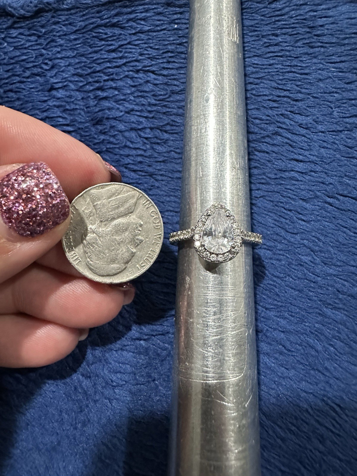 как выглядит Sterling Silver 925 Pear Shaped Halo Style Cubic Zirconia Engagement Ring, Sz 6 фото
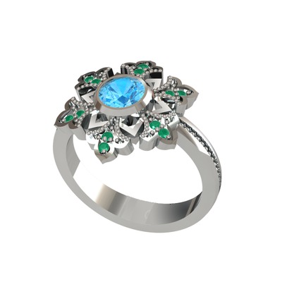 Akuamarin ve kök zümrüt 925 ayar gümüş yüzük
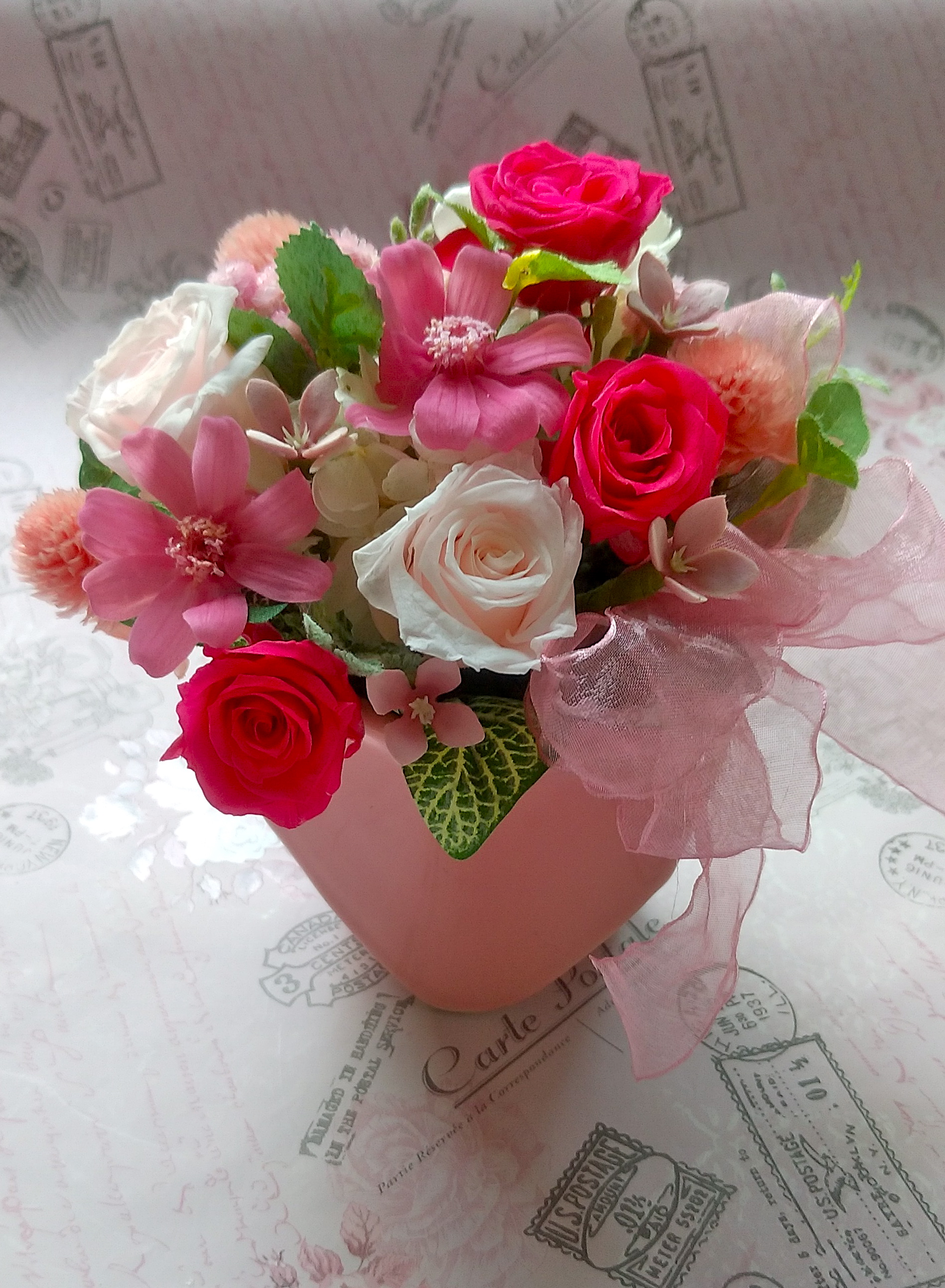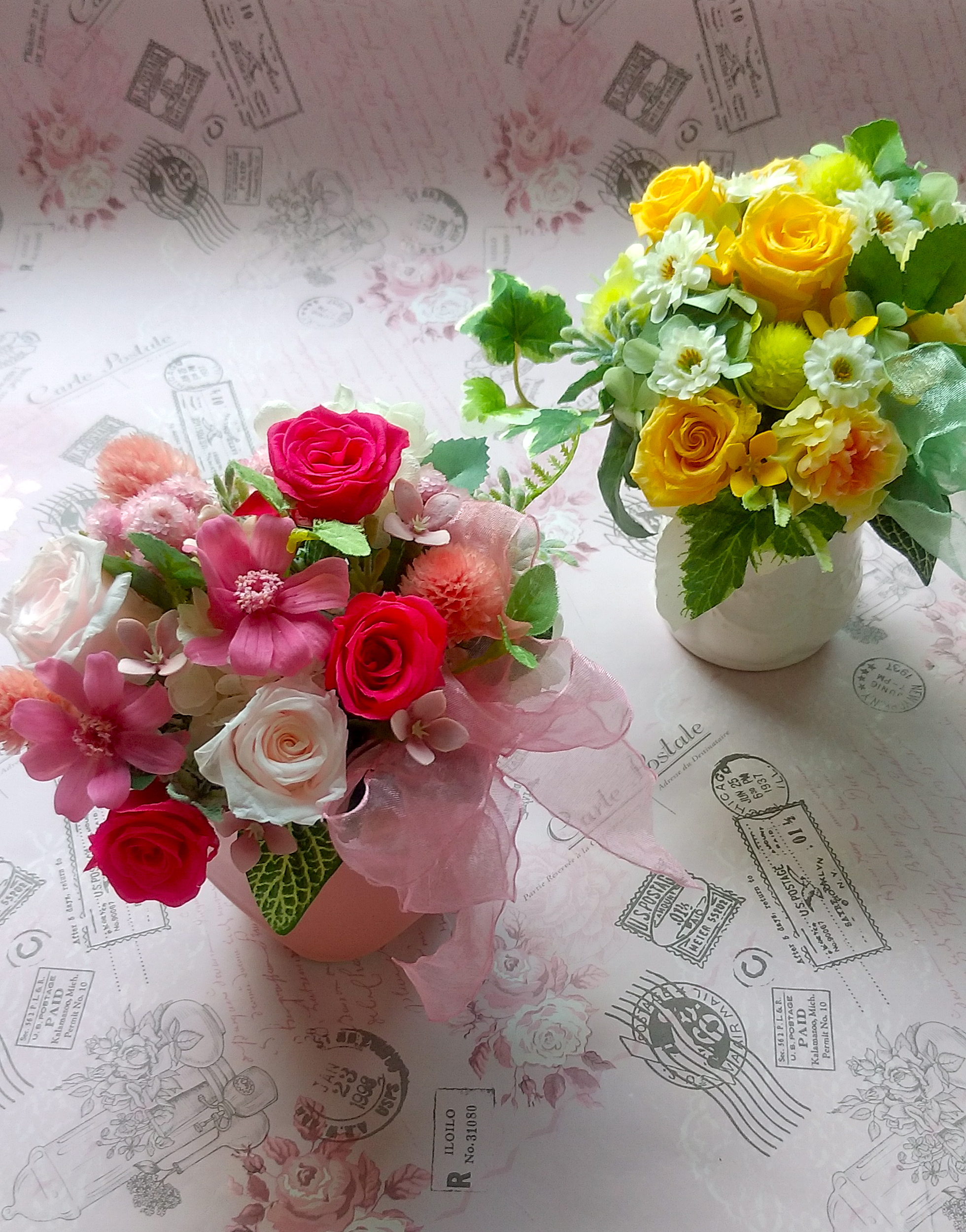ピンク色と黄色のアレンジでした〜ぁ( •ॢ◡-ॢ)-♡
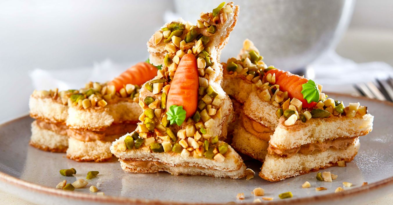 Hasentörtchen mit Pistazien und den gerösteten Mandeln bestreuen und mit je einem Marzipanrübli garnieren.
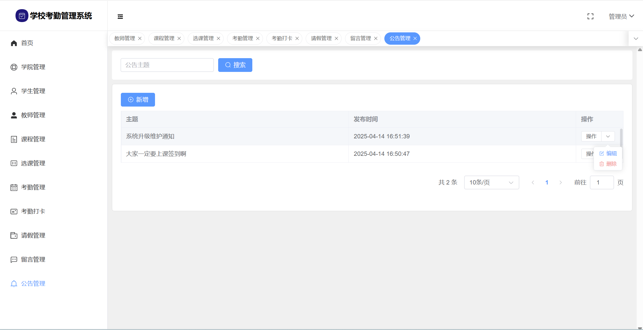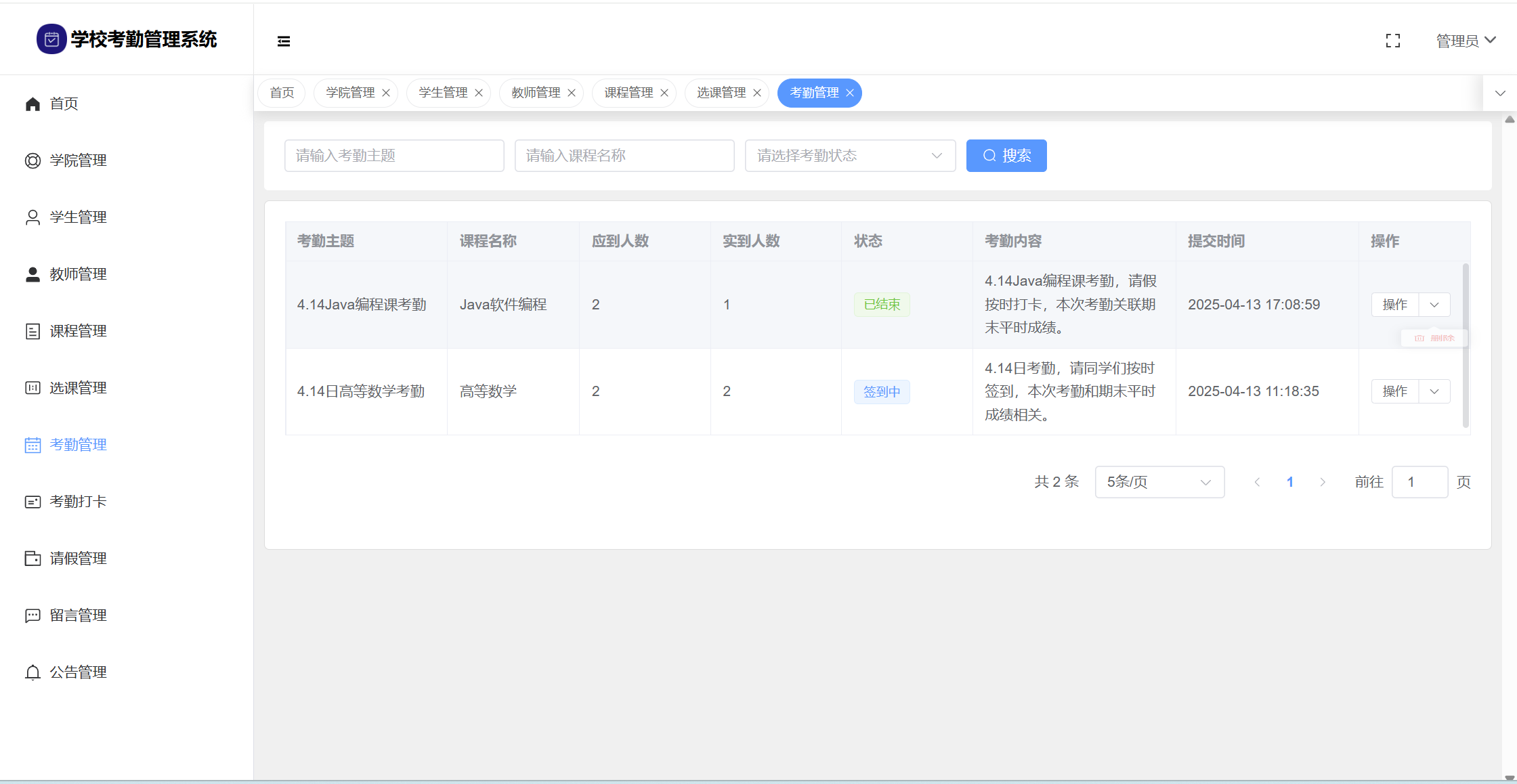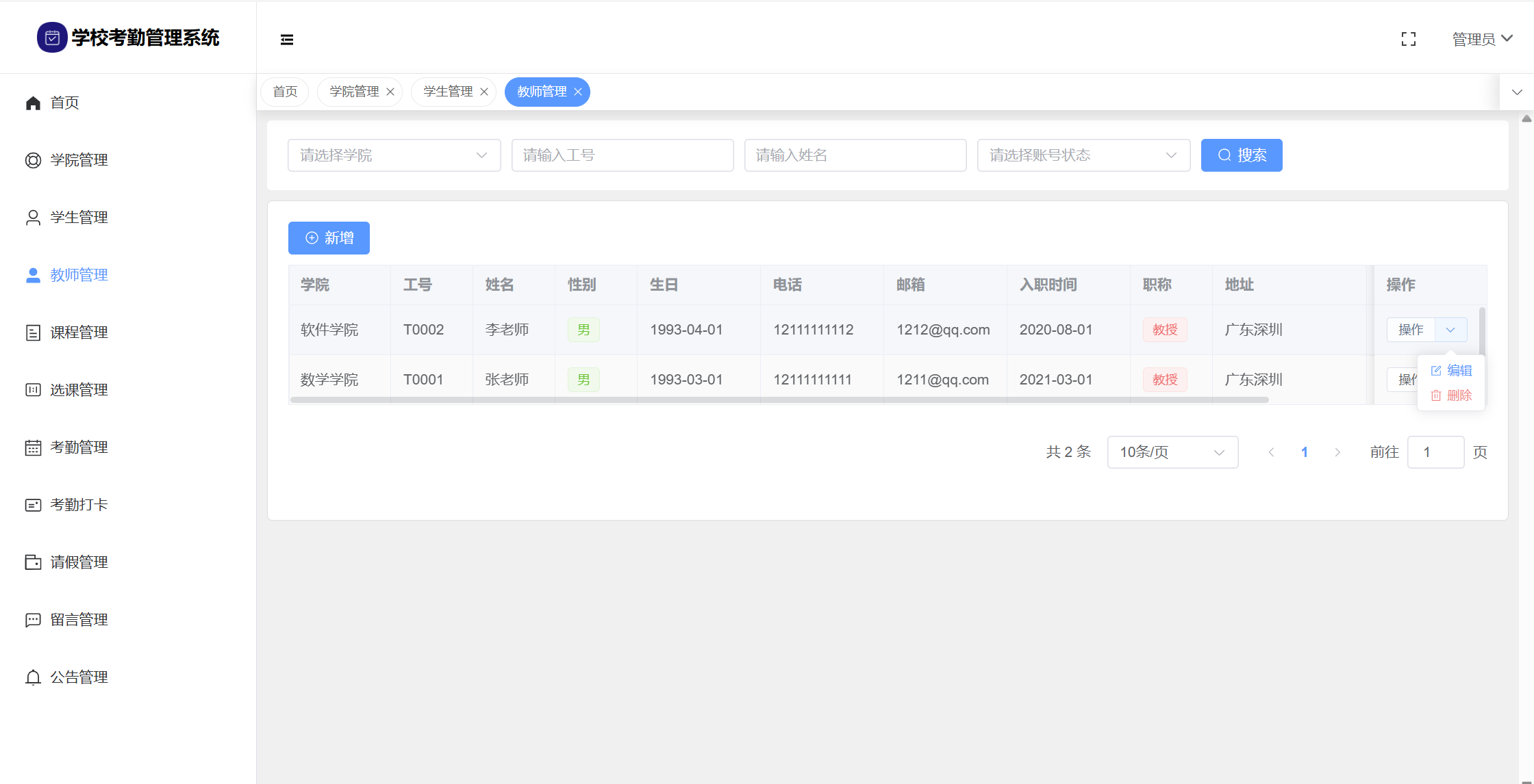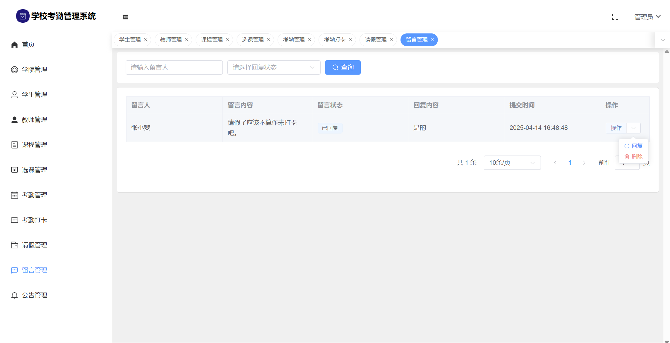 管理员:首页统计(过去7天未签到人数、学生统计);学院管理;学生管理;教师管理;课程管理;选课管理;考勤管理;考勤打卡;请假管理;留言管理;公告管理;修改个人资料;修改密码。
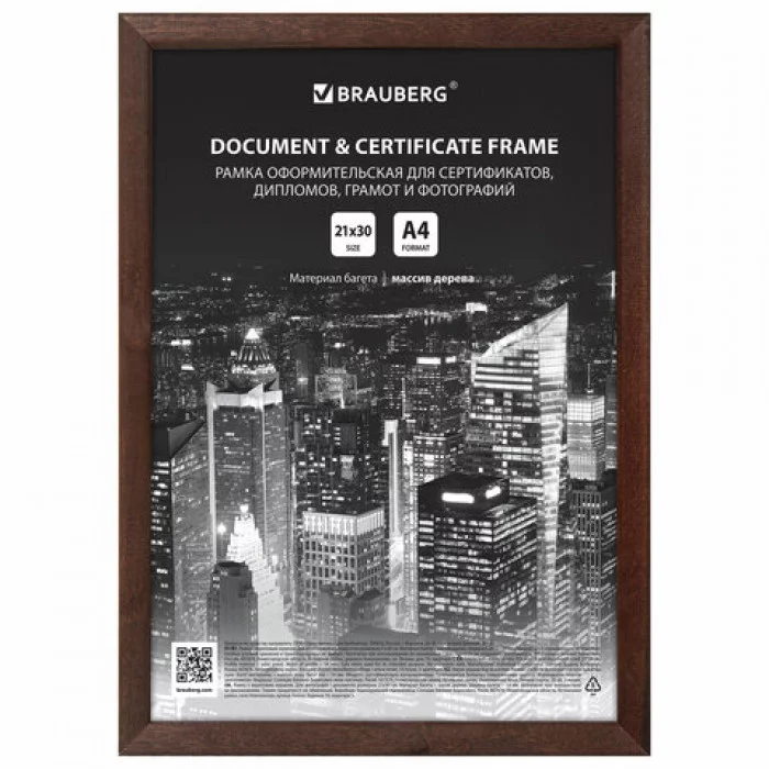 Рамка BRAUBERG "Elegant" для фотографий, дипломов, сертификатов, грамот и других ценных документов гармонично будет смотреться как в офисном, так и в домашнем интерьере, а также в салонах и предприятиях, в магазинах и различных учреждениях. Рамка формата А4 (21х30 см) выполнена из дерева цвета "венге", за счет чего отлично впишется в домашний и деловой интерьер. Имеется возможность вертикального и горизонтального подвеса. Ширина багета - 14 мм. Благодаря вставке из пластика вместо стекла, рамка является менее хрупкой. Переплётный картон обеспечивает плотное прилегание и отсутствие в будущем деформации содержимого в рамке. Поставляется в термоусадочной плёнке, которая гарантирует сохранность рамки при транспортировке, отсутствие сколов и потертостей.
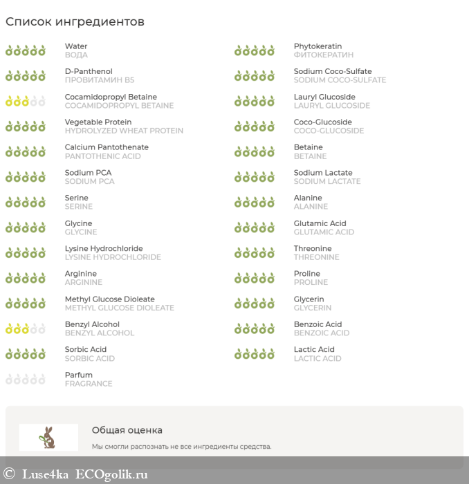 ВОДА, НАТРИЯ КОКОСУЛЬФАТ, КОКАМИДОПРОПИЛБЕТАИН, ЛАУРИЛ ГЛЮКОЗИД, ФИТОКЕРАТИН, КОКО-ГЛЮКОЗИД, ПРОВИТАМИН В5 (Д-ПАНТЕНОЛ), БЕТАИН, НАТРИЕВАЯ СОЛЬ ПИРРОЛИДОНКАРБОНОВОЙ КИСЛОТЫ, ЛАКТАТ НАТРИЯ, СЕРИН, АЛАНИН, ГЛИЦИН, ГЛУТАМИНОВАЯ КИСЛОТА, ЛИЗИНА ГИДРОХЛОРИД, ТРЕОНИН, АРГИНИН, ПРОЛИН, МЕТИЛ ГЛЮКОЗЫ ДИОЛЕАТ, ГЛИЦЕРИН, БЕНЗИЛОВЫЙ СПИРТ, БЕНЗОЙНАЯ КИСЛОТА, СОРБИНОВАЯ КИСЛОТА, МОЛОЧНАЯ КИСЛОТА, АРОМАТИЧЕСКАЯ КОМПОЗИЦИЯ
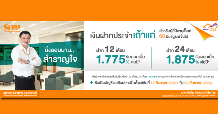 บัญชีเงินฝากประจำใหม่ เอาใจผู้สูงวัย ยิ่งออมนาน ยิ่งสำราญใจ กับบัญชีเงินฝากประจำระยะเวลาฝาก 12 และ 24 เดือน จ่ายดอกเบี้ยรายเดือน สำหรับลูกค้าบุคคลธรรมดาที่มีอายุตั้งแต่ 60 ปีบริบูรณ์ขึ้นไป
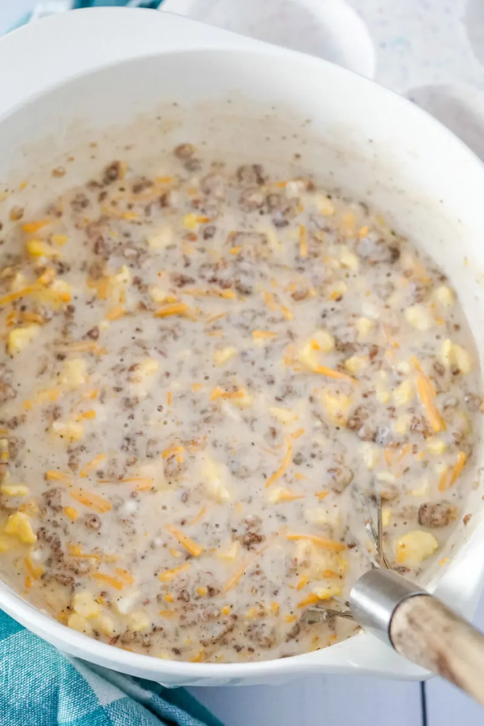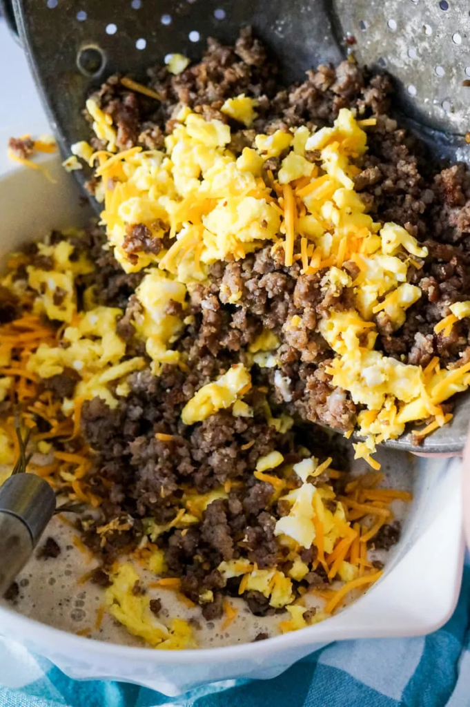 In a skillet, brown the breakfast sausage. Drain the grease from the meat and set it aside. Leave just enough grease in the bottom of the pan to scramble the eggs.

Task item: Please copy out the entries above exactly as they appear, but skip their images.

Written response:
 как выглядит Sterling Silver 925 Pear Shaped Halo Style Cubic Zirconia Engagement Ring, Sz 6 фото
 Akuamarin ve kök zümrüt 925 ayar gümüş yüzük
ピンク色と黄色のアレンジでした〜ぁ( •ॢ◡-ॢ)-♡
 Hasentörtchen mit Pistazien und den gerösteten Mandeln bestreuen und mit je einem Marzipanrübli garnieren.
 管理员:首页统计(过去7天未签到人数、学生统计);学院管理;学生管理;教师管理;课程管理;选课管理;考勤管理;考勤打卡;请假管理;留言管理;公告管理;修改个人资料;修改密码。
 Рамка BRAUBERG "Elegant" для фотографий, дипломов, сертификатов, грамот и других ценных документов гармонично будет смотреться как в офисном, так и в домашнем интерьере, а также в салонах и предприятиях, в магазинах и различных учреждениях. Рамка формата А4 (21х30 см) выполнена из дерева цвета "венге", за счет чего отлично впишется в домашний и деловой интерьер. Имеется возможность вертикального и горизонтального подвеса. Ширина багета - 14 мм. Благодаря вставке из пластика вместо стекла, рамка является менее хрупкой. Переплётный картон обеспечивает плотное прилегание и отсутствие в будущем деформации содержимого в рамке. Поставляется в термоусадочной плёнке, которая гарантирует сохранность рамки при транспортировке, отсутствие сколов и потертостей.
 ВОДА, НАТРИЯ КОКОСУЛЬФАТ, КОКАМИДОПРОПИЛБЕТАИН, ЛАУРИЛ ГЛЮКОЗИД, ФИТОКЕРАТИН, КОКО-ГЛЮКОЗИД, ПРОВИТАМИН В5 (Д-ПАНТЕНОЛ), БЕТАИН, НАТРИЕВАЯ СОЛЬ ПИРРОЛИДОНКАРБОНОВОЙ КИСЛОТЫ, ЛАКТАТ НАТРИЯ, СЕРИН, АЛАНИН, ГЛИЦИН, ГЛУТАМИНОВАЯ КИСЛОТА, ЛИЗИНА ГИДРОХЛОРИД, ТРЕОНИН, АРГИНИН, ПРОЛИН, МЕТИЛ ГЛЮКОЗЫ ДИОЛЕАТ, ГЛИЦЕРИН, БЕНЗИЛОВЫЙ СПИРТ, БЕНЗОЙНАЯ КИСЛОТА, СОРБИНОВАЯ КИСЛОТА, МОЛОЧНАЯ КИСЛОТА, АРОМАТИЧЕСКАЯ КОМПОЗИЦИЯ
 บัญชีเงินฝากประจำใหม่ เอาใจผู้สูงวัย ยิ่งออมนาน ยิ่งสำราญใจ กับบัญชีเงินฝากประจำระยะเวลาฝาก 12 และ 24 เดือน จ่ายดอกเบี้ยรายเดือน สำหรับลูกค้าบุคคลธรรมดาที่มีอายุตั้งแต่ 60 ปีบริบูรณ์ขึ้นไป
 In a skillet, brown the breakfast sausage. Drain the grease from the meat and set it aside. Leave just enough grease in the bottom of the pan to scramble the eggs.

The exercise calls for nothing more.